Tara Miller, who represents relatives of Aaron Tuck and Kristen Beaton, who was pregnant when she was killed, confirmed to CBC News that she will also be boycotting the proceedings.

Commission granted accommodations

The National Police Federation and Canada's attorney general had requested that O'Brien and Rehill provide their evidence by sworn affidavit, and that Staff Sgt. Al Carroll testify in person but only have commission counsel ask questions.

The Mass Casualty Commission leading the inquiry released its response to these requests on Tuesday, ruling that Rehill and O'Brien will testify via pre-recorded video interviews on May 30 and 31.

Only lawyers for the commission, or the commissioners themselves, will ask the officers direct questions.

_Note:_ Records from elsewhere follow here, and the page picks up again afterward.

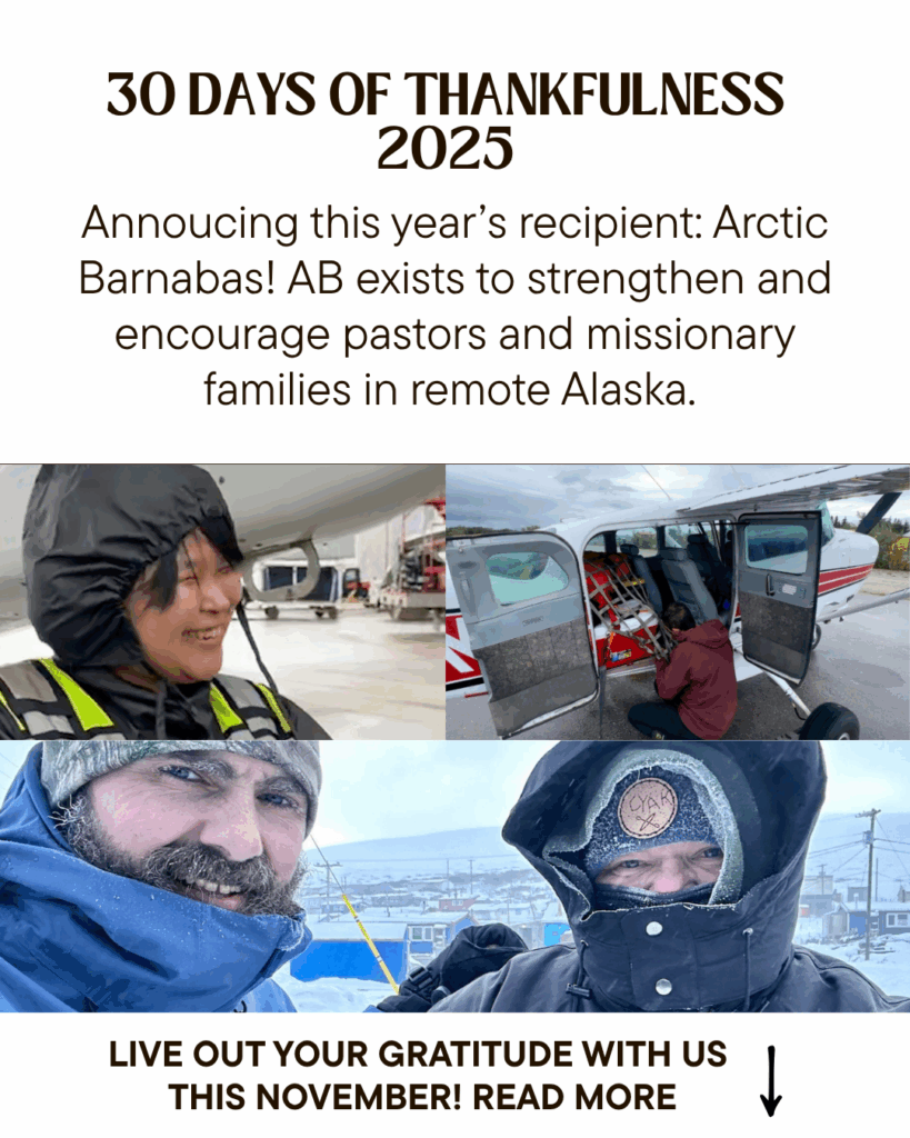 The recipient of this year’s drive is Arctic Barnabas of Kenai, Alaska. You may remember I traveled to Alaska this past April to speak to the AB staff and fell in love with their mission! Arctic Barnabas exists to strengthen and encourage pastors and missionary families in remote Alaska. Fuel costs to minister to remote bush communities that can only be reached by plane and boat are incredibly costly. Let’s help! I have a benefactor willing to match our efforts. My goal is $5,000, and we can do it! All gifts help whether you can give $5 or $500! Give and we’ll trust the Lord for the increase.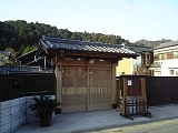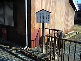 {右}御休処 よらまいかん(よらまい館) 斜め向かい。正法寺入口からは赤坂広場を隔てて隣。平成14年オープンした連子窓のある古い町屋を模した無人休憩所でテーブル、イス、自販機、パンフ置き場、文化財などの写真展示がある。2階は企画スペース。9時-17時、月休。建物の左前には赤坂町道路元標、広重の赤坂宿の絵がある。正面には「東海道赤坂宿 京江四十九里十六町 江戸江七十六里二十六町」と刻まれた石柱が立ち裏面に「東海道宿駅・伝馬制度制定四〇〇年記念事業 平成十三年 音羽町」とある。建物左のトイレ前には陣屋の牢にあったという小便石がある。横に溝があり牢の中で小便をすると外に流れるというもの。建物左の赤坂広場は運動広場で端にはすべり台、ブランコなど遊具もある。 |
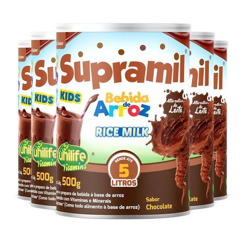 Kit 5 Supramil Bebida de Arroz Kids Chocolate Unilife 500g A Bebida de Arroz é uma ótima alternativa ao leite comum, especialmente para pessoas com intolerância alimentar. Rica em vitaminas, fibras e minerais. Indicado para pelos leites vegetais enriquecidos com cálcio e vitaminas . O leite de arroz é um dos melhores substitutos, principalmente a sua versão em pó, já que, além de enriquecida, também pode substituir o leite em receitas diversas, doces ou salgadas. Benefícios É enriquecida com vitaminas vitamina C, vitamina D2 e vitamina k fibras e minerais como o cálcio. Modo de usar Adicione 2 colheres de sopa em 200ml de água. Mexer bem. Ingredientes Arroz, polidextrose, carbonato de cálcio, menaquinona MK-7 vitamina K2 , ácido ascórbico vitamina C , ergocalciferol, aroma natural de baunilha, antiumectante fosfato tricálcico, edulcorante sucralose, edulcorantes naturais, glicosídeos de steviol e taumatina, sal marinho. Alergênicos NÃO CONTÉM GLÚTEN. Código Anvisa Produto autorizado para comercialização em todo o território nacional através da RDC 719/2022 da ANVISA. AFE do MS 6.02234-1 Marca: Não Informado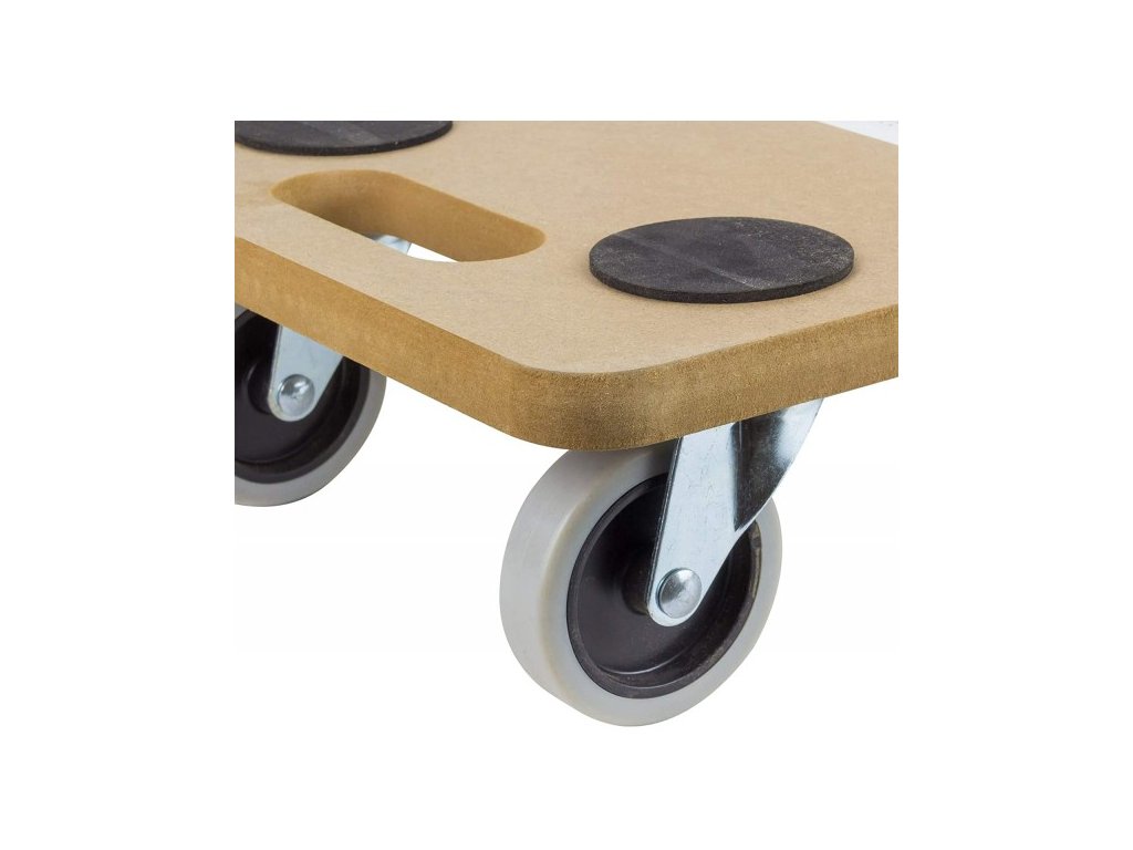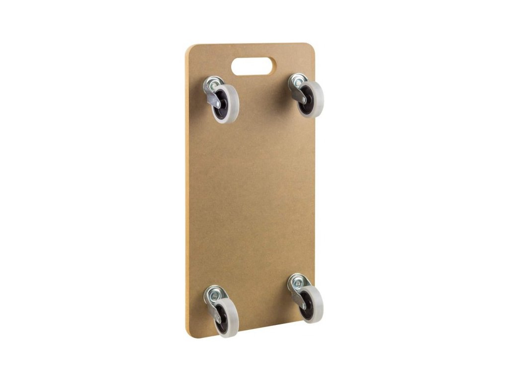 Pojazdná plošina na prenášanie veľkých predmetov, nábytku. Ľahký pojazd po lamináte aj dlažbe zabezpečujú štyri otočné kolieska. Podložka je vhodná aj pod kvetináče, nádoby na kvety a iné podobné účely. Výrez na jednoduché prenášanie/zavesenie/skladovanie. MDF drevená doska so zaoblenými rohmi. S protišmykovou penovou gumovou vložkou. Dodáva sa zmontovaná.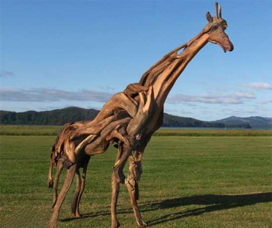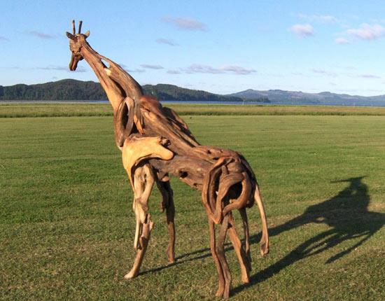 Jeffro Uitto用漂浮木雕刻的长颈鹿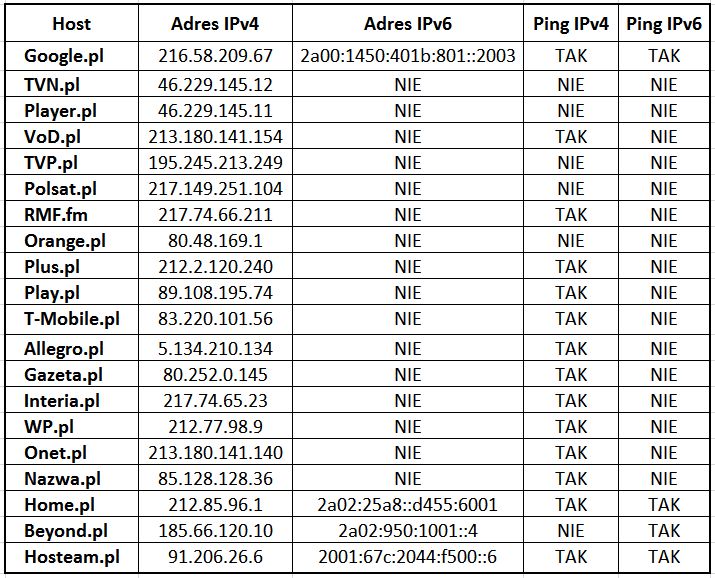 A jak to wygląda u nas? Jak pisałem wyżej – gros ruchu opiera się nadal na IPv4 i wszystko wskazuje, że długi czas tak będzie. Polscy content providerzy zdają się nie przejmować i swoich usług oraz treści w ogóle nie oferują po IPv6. Szybki, subiektywny i bardzo pobieżny przegląd dostępności treści po IPv6 wykazał następujący obraz: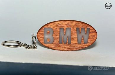 Portachiavi per auto/moto BMW realizzato interamente a mano in pregiato legno di mogano con caratteri in resina luminosa al buio.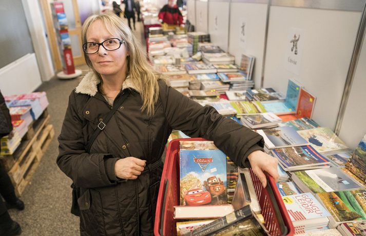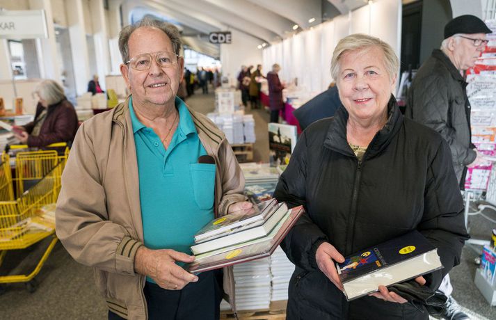 Maður lætur alltaf freistast Kolbrún Bergþórsdóttir skrifar 10. mars 2018 10:00 Hafsteinn og Anna eru ekki síst með börnin í huga við val sitt á bókum. „Við eigum nokkuð af bókum. Reyndar svo mikið að nú verðum við eiginlega að fara að hætta að kaupa þær, en þegar maður kemur á þennan markað lætur maður alltaf freistast,“ segir Hreinn Bergsveinsson sem mættur er á svæðið ásamt Valgerði Pálsdóttur. Meðal bóka sem vekja áhuga þeirra er ritsafn Þorsteins frá Hamri og barnabækur, þar á meðal Vaknaðu, Sölvi eftir Eddu Heiðrúnu Backman og Þórarin Eldjárn og Stígvélaði kötturinn. „Við erum með barnabarn sem verður þriggja ára nú í mars, heldurðu að hann verði ekki að fara að lesa,“ segir Hreinn kankvís. Hafsteinn Guðjónsson og Anna Helgadóttir eru einnig í bókakaupum og sömuleiðis með börnin í huga. „Það er mikilvægt að börn lesi,“ segir Anna og sýnir blaðamanni stafla af bókum um hinn skemmtilega Skúla skelfi. Orð að sönnu eftir Jón G. Friðjónsson er einnig í körfunni. „Ég hef gaman af slíkum bókum og kaupi þær oft,“ segir Hafsteinn. Anna valdi sér Snarkið í stjörnunum eftir Jón Kalman Stefánsson sem er höfundur sem hún hefur mikið dálæti á. Smásögur heimsins, Rómanska Ameríka er einnig með í bókakaupunum. „Við erum nýbúin að vera í Perú þannig að okkur finnst freistandi að lesa sögur frá þessum heimshluta,“ segja þau.Lifandi bækur Blaðamaður rekst á Svein Einarsson, fyrrverandi þjóðleikhússtjóra. Eiginkona hans, Þóra Kristjánsdóttir, er skammt frá niðursokkin í að skoða bækur. Sveinn segist hafa komið á bókamarkaðinn frá unga aldri. „Það er svo gaman að vera innan um bækur, þær eru svo lifandi.“ Hann segir þau hjón eiga mikið af bókum. „Reyndar svo margar að nú er ég kominn á það stig í lífinu að ég er að gefa bækur frá mér. Á seinni árum hef ég sagt við sjálfan mig þegar ég mæti á bókamarkaðinn: Nú kaupi ég ekkert því við eigum svo mikið af bókum, en hef alltaf svikið það. Alltaf geng ég út af markaðnum með fullt af bókum.“ Meðal bóka í kerrunni hjá Sveini er Orð að sönnu. „Ég hef svo gaman af orðaleikjum og spakmælum og er alltaf að geta mér þess til hvernig orðatiltæki hafa orðið til,“ segir hann. Ármann Schelander er að skoða bókina Eitt þúsund tungumál þegar blaðamaður ónáðar hann. Hann segist hafa mestan áhuga á fræðibókum og hefur þegar ákveðið að kaupa Jörund hundadagakonung eftir Sarah Bakewell og líklegt er að tungumálabókin verði sömuleiðis fyrir valinu. Hann segist einnig vel geta hugsað sér að kaupa bók um málvísindi. Katrín Ósk Þráinsdóttir segist yfirleitt mæta á markaðinn enda sé hún bókaormur. „Mér finnst líka gaman að gefa bækur,“ segir hún með fangið fullt af bókum, þar innan um eru þýddar erlendar skáldsögur sem hún ætlar meðal annars að gefa. Þar á meðal eru Undur eftir RJ Palacio og Ólæsinginn og Víga-Anders eftir Jonas Jonasson. „Svo er ég með bækur fyrir litlar frænkur sem búa erlendis, ég vil leggja mitt af mörkum til að halda íslenskunni að þeim. Ég hef áhuga á göngum og valdi mér 25 gönguleiðir á Þingvallasvæðinu og er svo með hjólabók fyrir manninn minn sem gæti nýst honum vel.“Bækur til fermingargjafa Baldur Þórhallsson og Felix Bergsson eru að sanka að sér bókum þegar blaðamaður mætir þeim. Baldur hefur verið bókaormur frá unga aldri. „Ég er alinn upp við Hellu á Rangárvöllum og þá biðum við krakkarnir alltaf spennt eftir því að bókamarkaðurinn væri opnaður á kaupfélagsloftinu. Bókamarkaðurinn stóð frá 1. desember fram yfir jól. Ég gat ekki beðið eftir að sjá nýjustu jólabækurnar, keypti kannski eina og pantaði aðrar í jólagjöf.“ „Við erum bæði að kaupa fyrir okkur sjálfa og bækur til gjafa,“ segir Felix sem segist iðulega mæta á bókamarkaðinn. Meðal þeirra bóka sem hann keypti fyrir sjálfan sig eru Egils sögur eftir Pál Valsson og Stuð vors lands eftir Dr. Gunna. Úr fjötrum – Saga Alþýðuflokksins eftir Guðjón Friðriksson er bók sem Baldur valdi sér ásamt bókinni Stríðið mikla eftir Gunnar Þór Bjarnason. Í körfunni eru einnig bækur sem þeir segja ætlaðar til fermingargjafa, þar á meðal Vísindabókin. Þóra Guðmundsdóttir er mætt á bókamarkaðinn ekki síst í þeim erindagjörðum að kaupa bækur til fermingargjafa. „Ég er ekki fylgjandi því að gefa einungis peninga í fermingargjöf,“ segir hún. „Mér finnst að það eigi að gefa bækur og kannski láta einhvern pening fylgja með. Til fermingargjafa hefur hún meðal annars valið draumaráðningabók, tilvitnanabók og Eitt þúsund tungumál, en blaðamaður sér einmitt nokkra gesti markaðarins skoða þá bók af miklum áhuga. „Unglingarnir eiga eftir að kíkja í þessar bækur einhvern tíma,“ segir Þóra af ákveðni.Í minningu mömmu Gerður Steinarsdóttir og Erlín Katla Birgisdóttir eru síðustu gestir markaðarins sem blaðamaður heilsar upp á. Erlín, sem segist lesa þó nokkuð, er að leita að bókum við hæfi. Hún á sína uppáhaldshöfunda og nefnir Yrsu Sigurðardóttur og Stefán Mána. Gerður er að kaupa barnabækur handa barnabörnunum. „Mér finnst gífurlega mikilvægt að þau lesi bækur. Ég byrja að lesa fyrir þau strax þegar þau eru kornung. Það skiptir öllu máli fyrir málþroska og orðaforða. Ég er líka með tvítyngd barnabörn og lykillinn að því að þau nái góðum tökum á íslensku er að þau lesi bækur á því máli,“ segir hún. Hin sívinsæla Pollýanna er meðal þeirra bóka sem hún hefur ákveðið að kaupa. „Það er í minningu mömmu sem var Pollýannan,“ segir hún. Blaðamaður og ljósmyndari kveðja markaðinn eftir að ljós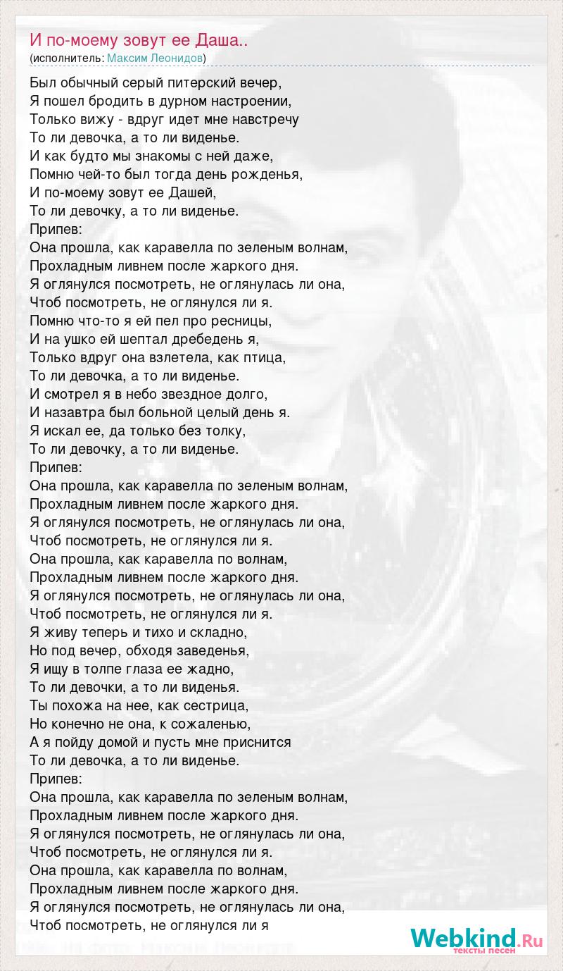 Был обычный серый питерский вечер, Я пошел бродить в дурном настроении, Только вижу - вдруг идет мне навстречу То ли девочка, а то ли виденье. И как будто мы знакомы с ней даже, Помню чей-то был тогда день рожденья, И по-моему зовут ее Дашей, То ли девочку, а то ли виденье. Припев: Она прошла, как каравелла по зеленым волнам, Прохладным ливнем после жаркого дня. Я оглянулся посмотреть, не оглянулась ли она, Чтоб посмотреть, не оглянулся ли я. Помню что-то я ей пел про ресницы, И на ушко ей шептал дребедень я, Только вдруг она взлетела, как птица, То ли девочка, а то ли виденье. И смотрел я в небо звездное долго, И назавтра был больной целый день я. Я искал ее, да только без толку, То ли девочку, а то ли виденье. Припев: Она прошла, как каравелла по зеленым волнам, Прохладным ливнем после жаркого дня. Я оглянулся посмотреть, не оглянулась ли она, Чтоб посмотреть, не оглянулся ли я. Она прошла, как каравелла по волнам, Прохладным ливнем после жаркого дня. Я оглянулся посмотреть, не оглянулась ли она, Чтоб посмотреть, не оглянулся ли я. Я живу теперь и тихо и складно, Но под вечер, обходя заведенья, Я ищу в толпе глаза ее жадно, То ли девочки, а то ли виденья. Ты похожа на нее, как сестрица, Но конечно не она, к сожаленью, А я пойду домой и пусть мне приснится То ли девочка, а то ли виденье. Припев: Она прошла, как каравелла по зеленым волнам, Прохладным ливнем после жаркого дня. Я оглянулся посмотреть, не оглянулась ли она, Чтоб посмотреть, не оглянулся ли я. Она прошла, как каравелла по волнам, Прохладным ливнем после жаркого дня. Я оглянулся посмотреть, не оглянулась ли она, Чтоб посмотреть, не оглянулся ли я

Lawyers for the victims' families can submit questions.

Carroll will testify live on Thursday via Zoom, and can be questioned by all lawyers.

The commission's decision said it took into account the officers' health information, which is private, and "settled on what we believe is the appropriate balance that allows the public to hear and understand this evidence in a meaningful way while minimizing potential harm to the witnesses."

Wednesday another Mountie, Staff Sgt. Bruce Briers, who was risk manager at RCMP dispatch centre morning of April 19, is scheduled to testifying in person in Truro, the first day hearings will be held in Colchester County.